How to cite: Dutta, K.; Shityakov, S.; Morozova, O.; Khalifa, I.; Zhang, J.; Zhu, W.; Panda, A.; Ghosh, C. Beclabuvir can Inhibit the RNA-dependent RNA Polymerase of Newly Emerged Novel Coronavirus (SARS-CoV-2). Preprints 2020, 2020030395 (doi: 10.20944/preprints202003.0395.v2). Dutta, K.; Shityakov, S.; Morozova, O.; Khalifa, I.; Zhang, J.; Zhu, W.; Panda, A.; Ghosh, C. Beclabuvir can Inhibit the RNA-dependent RNA Polymerase of Newly Emerged Novel Coronavirus (SARS-CoV-2). Preprints 2020, 2020030395 (doi: 10.20944/preprints202003.0395.v2).

Abstract

Recent emergence of novel coronavirus (SARS-CoV-2) all over the world has resulted more than 33,106 global deaths. To date well-established therapeutics modules for infected patients are unknown. In this present initiative, molecular interactions between FDA-approved antiviral drugs against the Hepatitis-C virus (HCV) have been investigated theoretically against the RNA-dependent RNA polymerase (RdRp) of SARS-CoV-2. HCV and SARS-CoV-2 are both +ssRNA viruses. At 25o C beclabuvir, a non-nucleoside inhibitor of the RdRpHCV can efficiently bind to RdRp SARS-CoV-2 (ΔGAutoDock = -9.95 kcal mol-1) with an inhibition constant of 51.03 nM. Both the ΔGLondon and ΔGGBVI / WSA values were - 9.06 and - 6.67 kcal mol-1, respectively for binding of beclabuvir to RdRpSARS-CoV-2. In addition, beclabuvir has also shown better binding free energy with RdRpSARS-CoV-2 (ΔGvina = -8.0 kcal mol-1) than that observed with the Thumb 1 domain of RdRpHCV (ΔGvina = -7.1 kcal mol-1).
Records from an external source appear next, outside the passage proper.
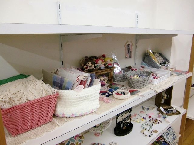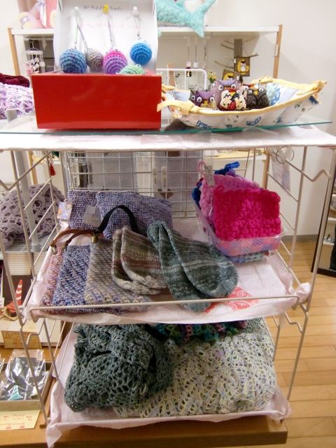 まんまるポーチは、左側の最初の棚、上から2段目にございます。ぜひご覧ください。
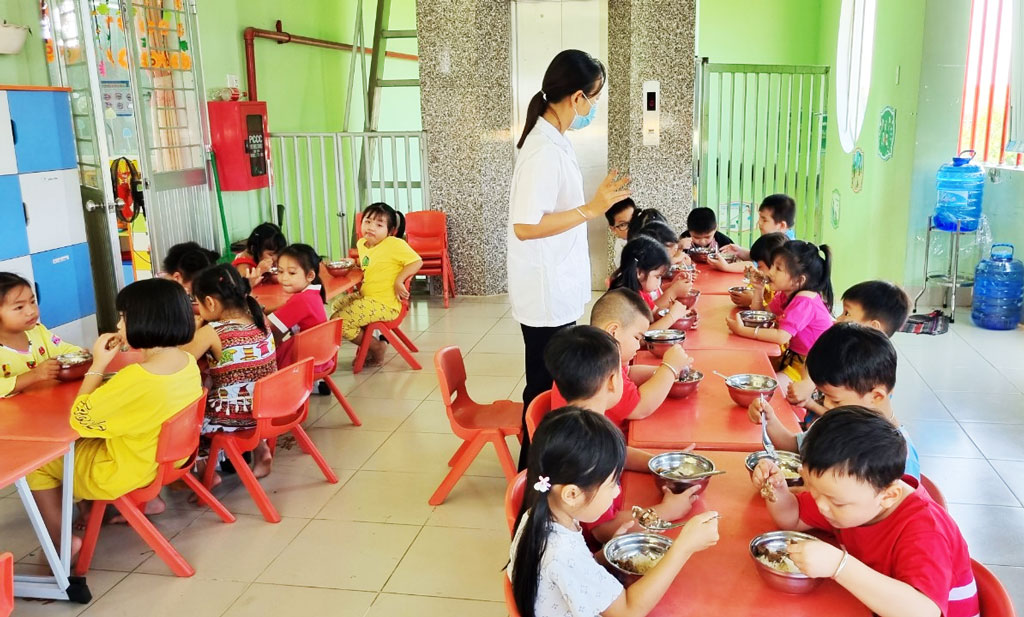 Trường Mẫu giáo Nhơn Thạnh Trung chú trọng vệ sinh an toàn thực phẩm cho trẻ
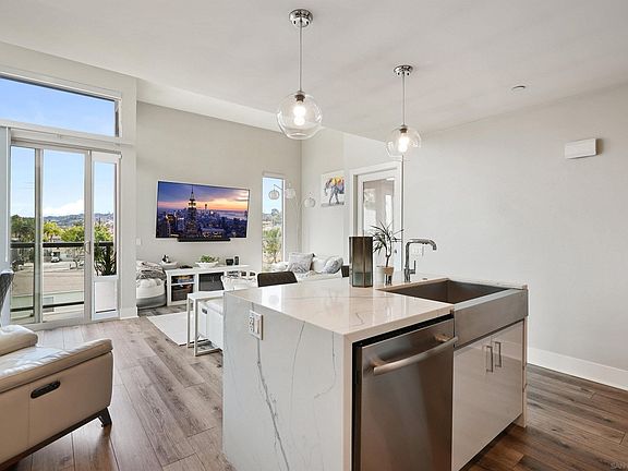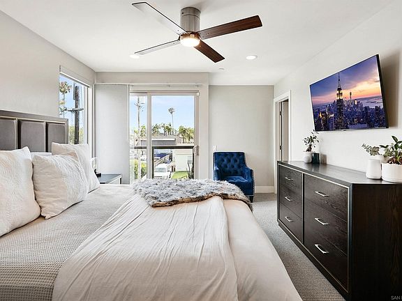 Welcome to this beautifully crafted fully furnished townhome that offers the perfect blend of sophistication and modern comfort. This corner unit boasts a contemporary showroom-style design, filled with abundant natural light and breathtaking panoramic views of the San Diego Bay, Downtown Skyline, and the picturesque Wooded Hills of Point Loma. Ideal for someone seeking a turn-key opportunity, this property is equipped with top-tier features including Jenn-air stainless steel appliances, quartz countertops, luxury vinyl plank flooring, and an oversized farm sink. Enjoy outdoor living on the rooftop deck complete with a built-in BBQ and fridge, or relax indoors with amenities such as a Juliet balcony, expansive walk-in shower, and contemporary carpet. The home also includes Kohler plumbing fixtures, a tankless water heater, high-pressure laminate designer cabinetry, and central heat & AC. For convenience, two underground side-by-side parking spots come with an added EV charger and storage space. Located close to Shelter Island, the beach/bay, and the village, this fully furnished townhome offers easy access to all the vibrant attractions San Diego has to offer, making it move-in ready for its next fortunate occupants.
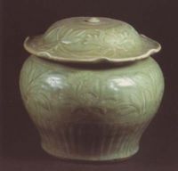 說 明: 紋飾劃刻生動,枝葉纏繞,蓮花盛開.器身施滿青綠色釉.胎體厚重.
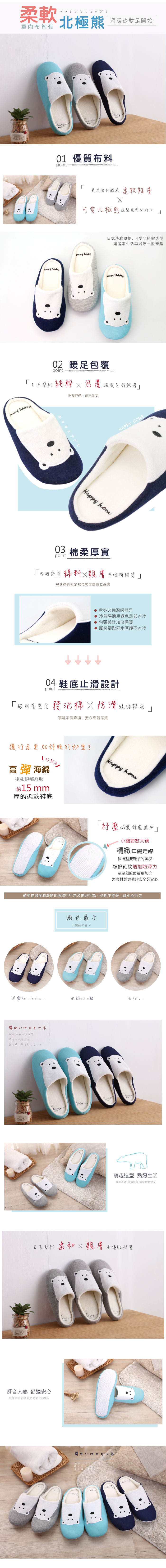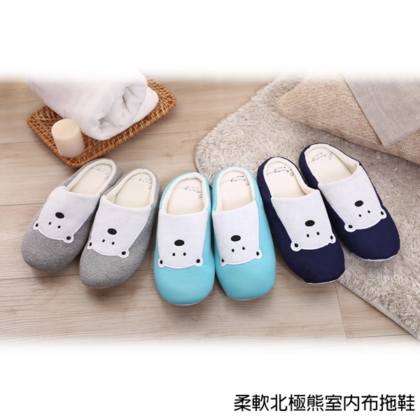 棉柔厚實★柔軟北極熊室內布拖鞋
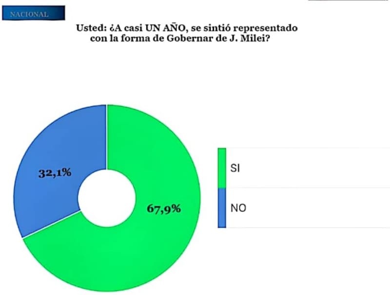 En tanto, ante la consulta sobre el rumbo que toma el país en materia de gobierno, el 89,4% contestó que no quiere volver al pasado, contra apenas un 10,6% que manifestó lo contrario. Datos que reflejan un alto apoyo al oficialismo, de cara a las elecciones 2025.
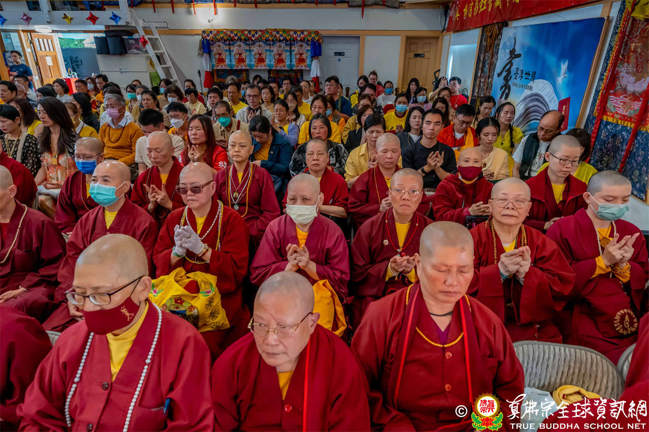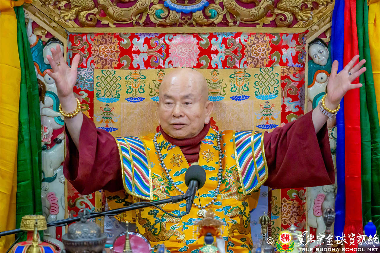 祂特別提及一則越南信眾的案例:當地某河因死者眾多、冤魂聚集,曾邀請各宗派法師超度卻屢屢無效。法王指出,真佛宗若前往必定能成,關鍵在於「南摩三十六萬億一十一萬九千五百同名同號阿彌陀佛」這句名號的加持力。「阿彌陀佛救度的力量遠超冤魂數量,一念即可全數超拔。」

InterProScan has suggested the RNA-directed 5'-3' polymerase activity exists within 549th to 776th amino acid residues of RdRpSARS-CoV, where the major amino acid residues interacting being I591, Y621, C624, D625, A690, N693, L760, D762, D763, and E813-N817. Molecular interaction suggests occupancy of beclabuvir inside the active site environment of the RdRpSARS-CoV-2, the enzyme essential for viral RNA synthesis. In conclusion, results suggest beclabuvir may serve as an anti-SARS-CoV-2 drug.

Subject Areas

Novel coronavirus (SARS-CoV-2); RdRp; HCV; beclabuvir; in silico; molecular docking

Comments (1)

Comment 1
Received: 2 April 2020
Commenter: Kunal Dutta
Commenter's Conflict of Interests: Author
Comment: Statistics on COVID-19 have been updated and a few sentences have been rewritten.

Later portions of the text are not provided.